Comme on s’en doutait, les multiples sessions de réécriture ont amené à une dramaturgie aseptisée, l’humour prenant le pas sur la volonté de proposer une intrigue plus sombre. Ce qui se ressent à l’écran, les tentatives de James Wan de muscler son jeu en terme de mise en scène, utilisant l’imagerie lovecraftienne pour noircir le tableau et apporter des éléments de ‘dark fantasy’ se voyant annihiler par les reshoots opérés avant la sortie (mal cadrés, ce qui renforce l’aspect film malade), donnant la part-belle aux facéties de Jason Momoa, qui s’amuse comme un gamin à courir dans tous les sens et à sortir des vannes plus ou moins lourdes. Face à une vedette en roue libre, ses camarades de jeu ont d’ailleurs du mal à prendre un minimum de lumière à l’exception de Patrick Wilson et Yahya Abdull-Mateen II, qui s’en sortent du mieux qu’ils peuvent. Au contraire, Amber Heard et Nicole Kidman se révèlent transparentes, ce qui est d’autant plus notable pour la première qui est reléguée au troisième plan. Un indice de plus sur des coulisses qui n’ont pas dû être de tout repos. Quoiqu’il en soit Aquaman, tout comme le DC Extended Universe, peuvent prendre congés, le temps étant venu de tirer sa révérence au terme d’une décennie d’existence pour le moins troublée dans le paysage cinématographique.

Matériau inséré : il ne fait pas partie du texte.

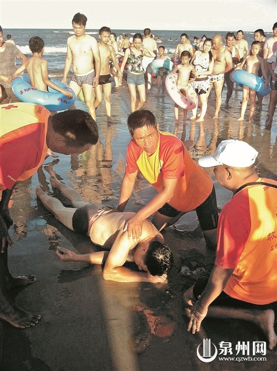 早报讯 (记者龚翠玲 王盼琛 文/图)昨天下午5时50分,在石狮永宁红塔湾,石狮市海泳协会海上义务救生队队员救起了八条宝贵的生命,不幸的是,有一名游客救起后经抢救无效不幸身亡。

Si nous ne sommes pas à une catastrophe du niveau de The Flash, Aquaman et le Royaume Perdu manque malgré tout de panache pour réellement satisfaire les attentes, James Wan essayant maladroitement de sauver les meubles pour que cette suite ne sombre pas dans les abysses du ridicule. Un défi pour le moins compliqué lorsque l’on est en possession d’un script à la qualité aléatoire et un Jason Momoa proche de la caricature.